Let me introduce you to your new best friend: Baffies, the Entertainments Convenor of the Go-Take-a-Hike Mountaineering Club. In his club bio he lists himself as someone who is allergic to exertion, is prone to lassitude, suffers from altitude sickness above 600m, blisters easily and bleeds readily. However meagre your hillwalking credentials, if he can make it to the summit, so can you.
Our sister publication The Ultimate Guide to the Munros does what it says on the cover and describes routes of all kinds up all of the Munros. Not all of these are suitable for sensitive souls such as Baffies, hence the decision to ‘delegate’ him to write the guidebook you now hold in your hands.
When the club committee first suggested to him that he was the ideal person for the task, he almost choked on his triple chocolate layer cake. Only after we had managed to hold him down long enough to explain the book’s remit did he come to embrace the idea. Indeed, he set about researching the contents with such a hitherto unseen fervour and thoroughness that we are proud to have the results associated with the club’s name – a guidebook dedicated to finding easy ways up Munros.
Herein you will find easy walking routes up 25 Munros (and more!) – routes that require no rock climbing, no scrambling, no tightrope walking, no technical expertise whatsoever. Of course, hillwalking can never be a risk-free activity. No Munro is as easy to reach from an armchair as the TV remote. You will be expected to be able to put one foot in front of the other... and repeat.
Given that proviso, you will find no easier way to climb Munros than to follow in the footsteps of Baffies. I leave you in his capable hands.
Ralph Storer, President
Go-Take-a-Hike Mountaineering Club
INTRODUCTION
OF MOUNTAINS AND MUNROS
It’s a big place, the Scottish Highlands. It contains so many mountains that even resident hillwalkers struggle to climb them all in a lifetime. How many mountains? That depends…
If two summits 100m apart are separated by a shallow dip, do they constitute two mountains or one mountain with two tops? If the latter, then exactly how far apart do they have to be, and how deep does the intervening dip have to be, before they become two separate mountains?
Sir Hugh Munro (1856–1919), the third President of the Scottish Mountaineering Club, tackled this problem when he published his ‘Tables of Heights over 3000 Feet’ in the 1891 edition of the SMC Journal. Choosing the criterion of 3000ft in the imperial system of measurement as his cut-off point, he counted 283 separate Mountains and a further 255 Tops that were over 3000ft but not sufficiently separated from a Mountain to be considered separate Mountains themselves.

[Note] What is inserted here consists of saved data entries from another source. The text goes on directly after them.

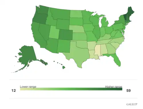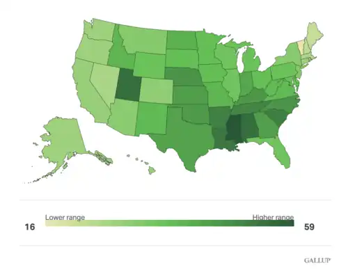Институт Gallup делит население Соединенных Штатов на три категории: «очень религиозные» (37 %), «умеренно религиозные» (30 %) и «нерелигиозные» (33 %)[2]. Самыми религиозными штатами США являются Миссисипи (59 %), Юта и Алабама (по 54 %), в категории «нерелигиозных» штатов первые строчки занимают Вермонт (59 %), Мэн (55 %) и Нью-Гэмпшир (51 %), а «умеренно религиозными» являются Нью-Джерси, Невада и Джорджия (по 33 %)[2]. Согласно исследованию Pew Research Institute 2014 г., самым религиозным штатом в США является Алабама, а наименее религиозным по суммарному индексу — Нью-Гэмпшир и Массачусетс. По параметру веры в Бога лидируют Алабама, Миссисипи и Теннесси. Ниже приведена таблица с результатами опроса Pew Research Institute[5]: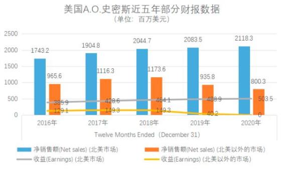 (数据根据A.O.史密斯财报整理,“北美以外的市场”的数据中以中国市场占比最大。)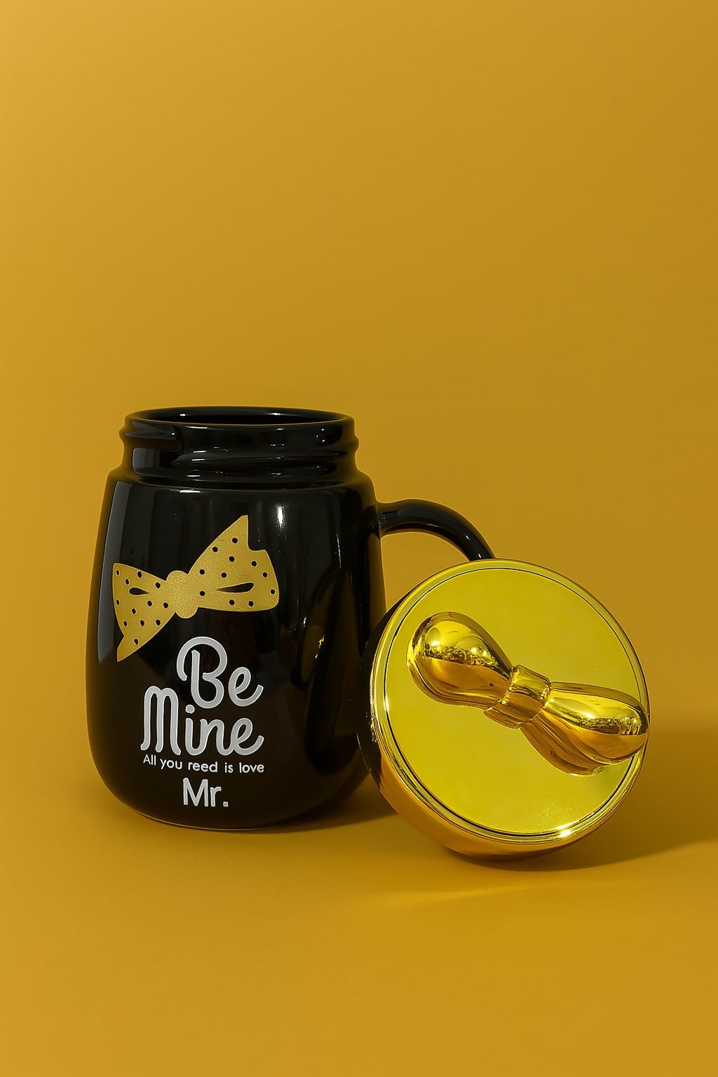 "Be Mine Mr. Black Ceramic Coffee Mug with Golden Lid and Bow Tie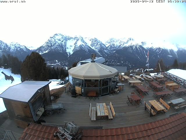 Archiviertes Webcam Bild: Scuol: Bergrestaurant Prümaran Prui am 12.04.2026 um 06:13 Uhr 06:00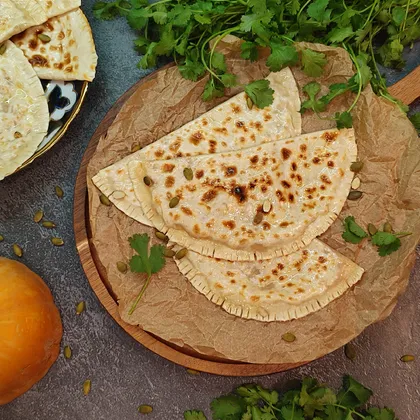 В сезон тыквы можно готовить из этого овоща все блюда дня на завтрак, обед и ужин. Каши, рагу, супы, десерты, пироги и многие другие блюда по замечательным рецептам наших авторов специально для вас. Смотреть рецепты https://ovkuse.ru/recipes/tykva Мука 500 г Кипяток 250 мл Соль 2/3 ч. л. Тыква (филе) 500 г Лук 1 шт. Кориандр 1/2 ч. л. Зира 1 ч. л. Перец черный 1/2-1 ч. л. Соль 1/2 ч. л. (по вкусу) Сливочное масло 30 г + для смазывания готовых кутабов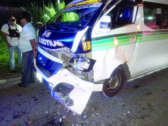 Al momento del impacto la camioneta circulaba de Sur a Norte, y por el exceso de velocidad perdió el control de su camioneta e invadió el carril contrario hasta chocar de frente contra una colectiva Nissan Urvan NV – 350, con placas de circulación del Servicio Público Local, marcada con el número económico 3-09, propiedad de Autotransportes Rosario Ixtal. S.A. de C.V.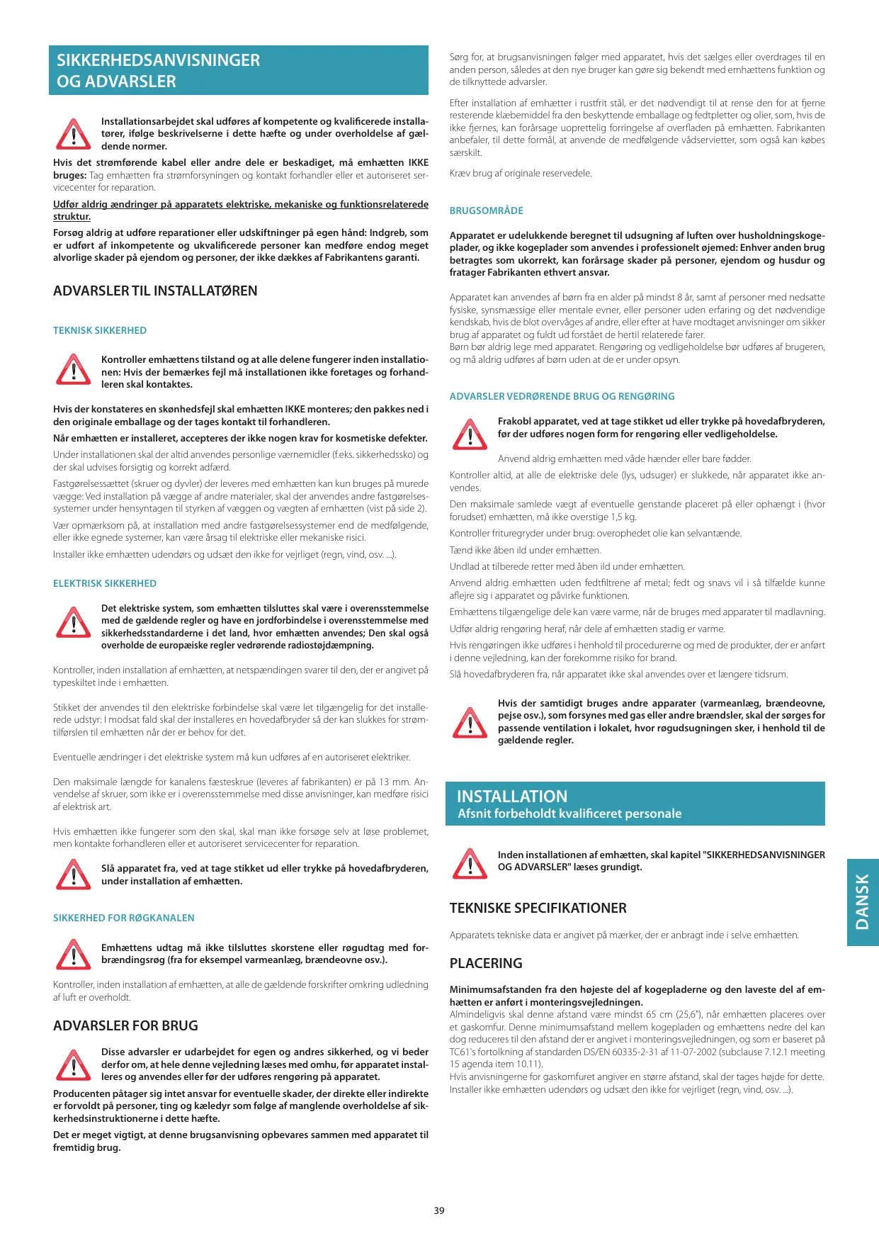 Disse advarsler er udarbejdet for egen og andres sikkerhed, og vi beder derfor om, at hele denne vejledning læses med omhu, før apparatet installeres og anvendes eller før der udføres rengøring på apparatet. Producenten påtager sig intet ansvar for eventuelle skader, der direkte eller indirekte er forvoldt på personer, ting og kæledyr som følge af manglende overholdelse af sikkerhedsinstruktionerne i dette hæfte. Det er meget vigtigt, at denne brugsanvisning opbevares sammen med apparatet til fremtidig brug.

In a country with a highpoint of 4409ft (1344m) at the summit of Ben Nevis, the choice of 3000ft as a cut-off point is aesthetically justifiable and gives a satisfying number of Mountains. A metric cut-off point of 1000m (3280ft), giving a more humble 137 Mountains, has never captured the hillgoing public’s imagination.
Unfortunately, Sir Hugh omitted to leave to posterity the criteria he used to distinguish Mountains from Tops, and Tops from other highpoints over 3000ft. In his notes to the Tables he even broached the impossibility of ever making definitive distinctions. Consider, for example, the problem of differentiating between Mountains, Tops and other highpoints on the Cairngorm plateaus, where every knoll surpasses 3000ft.
The old sign at Achallader Farm, which issued an irresistible invitation, has sadly not been moved to the new car park.
Sir Hugh Munro himself never became a Munroist (someone who has climbed all the Munros). Of the Tables of the day, he climbed all but three: the Inaccessible Pinnacle (although that did not become a Munro until 1921), Carn an Fhidhleir and Carn Cloich-mhuilinn. The latter, which he was saving until last because it was close to his home, was ironically demoted to Top status in 1981.
The Tables were a substantial achievement in an age when mapping of the Highlands was still rudimentary, but no sooner did they appear than their definitiveness become the subject of debate. In subsequent years Munro continued to fine-tune them, using new sources such as the Revised Six-inch Survey of the late 1890s. His notes formed the basis of a new edition of the Tables, published posthumously in 1921, which listed 276 separate Mountains (now known as Munros) and 267 Tops.
The 1921 edition also included J. Rooke Corbett’s list of mountains with heights between 2500ft and 3000ft (‘Corbetts’), and Percy Donald’s list of hills in the Scottish Lowlands of 2000ft or over (‘Donalds’). Corbett’s test for a separate mountain was that it needed a re-ascent of 500ft (c150m) on all sides. Donald’s test was more mathematical. A ‘Donald’ had to be 17 units from another one, where a unit was one twelfth of a mile (approx. one seventh of a kilometre) or one 50ft (approx. 15m) contour. Munro may well have used some similar formula concerning distance and height differential.
Over the years, various developments have conspired to prompt further amendments to the Tables, including metrication, improved surveying methods (most recently by satellite), and a desire on the part of each succeeding generation of editors to reduce what they have regarded as ‘anomalies.’ For example, the ‘mountain range in miniature’ of Beinn Eighe was awarded a second Munro in 1997 to redress the balance with similar but over-endowed multi-topped ridges such as the seven-Munro South Glen Shiel Ridge. Changes and the reasons for change are detailed individually in the main text (see Peak Fitness for details).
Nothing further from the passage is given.